Synergistic Effects of BaTiO3/Multiwall Carbon Nanotube as Fillers on the Electrical Performance of Triboelectric Nanogenerator Based on Polydimethylsiloxane Composite Films

Abstract

Herein, polydimethylsiloxane (PDMS) composite films containing BaTiO3 particles with an average size of 70 and 500 nm are prepared and characterized, respectively. Then, triboelectric nanogenerators (TENG) based on the composite films are designed at different BaTiO3 sizes and mass ratios. In addition, multiwall carbon nanotubes (MWCNTs) are also used for uniform dispersion of BaTiO3 particles in composite films for the TENG device.

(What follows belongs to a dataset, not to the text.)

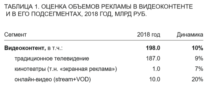 Эксперты рабочей группы по оценке объемов рекламных бюджетов в видеоконтенте выделили три подсегмента, отражающие распространение видеоконтента в разных средах — традиционное телевидение, кинотеатры и интернет. В подсегмент традиционного телевидения включены бюджеты, полученные от размещения прямой и спонсорской рекламы в прямом эфире телеканалов. В подсегмент кинотеатров включены рекламные доходы от показа рекламы на экранах в кинотеатрах перед началом показа фильма (так называемая экранная реклама). Подсегменты телевидения и кинотеатров оцениваются АКАР в рамках традиционной классификации, и объемы по ним были полностью взяты из официальной оценки Ассоциации. Поэтому в данном случае имеет место лишь перераспределение подсегментов в рамках старой классификации.
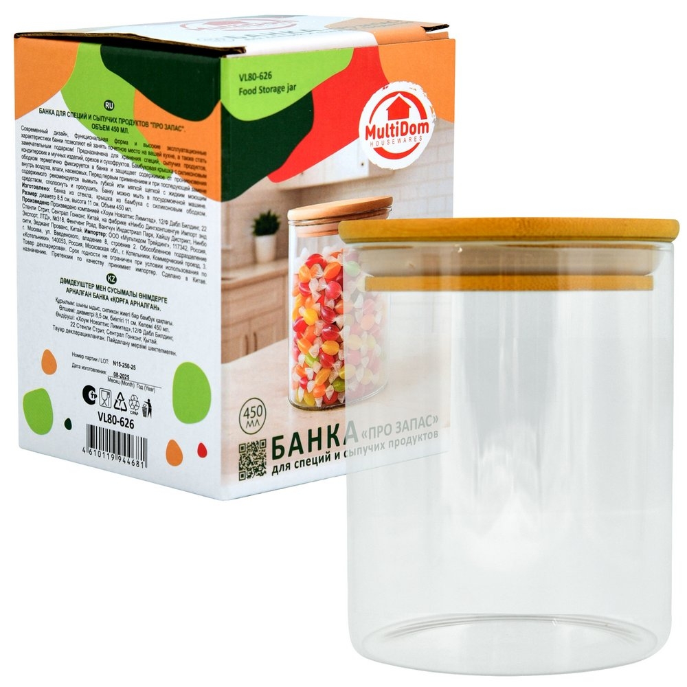 Бамбуковая крышка с силиконовым ободком герметично фиксируется в банке и защищает содержимое от проникновения внутрь воздуха, влаги, насекомых.

With the synergistic effects of BaTiO3/MWCNT fillers, discrete conductive micronetworks surrounded by BaTiO3 particles form, and then, the effective filler–matrix interface effect in the three‐phase composite is enhanced, leading to superior triboelectric output performance, supported by much higher dielectric permittivity and COMSOL simulation. Moreover, the triboelectric output performance of TENG changes with different‐sized BaTiO3 particles. As to BT‐70‐MWCNT/PDMS composites, with the same mass ratio of BT, the peak output current is always higher than that of BT‐500‐MWCNT/PDMS. Furthermore, the optimum BT mass ratio of BT‐70‐MWCNT/PDMS composites is also higher than that of BT‐500. With BaTiO3 of size 70 nm, the maximum surface charge density is about 160 μC m−2 under an optimized mass ratio, whereas it is about 110 μC m−2 for BaTiO3 of size 500 nm.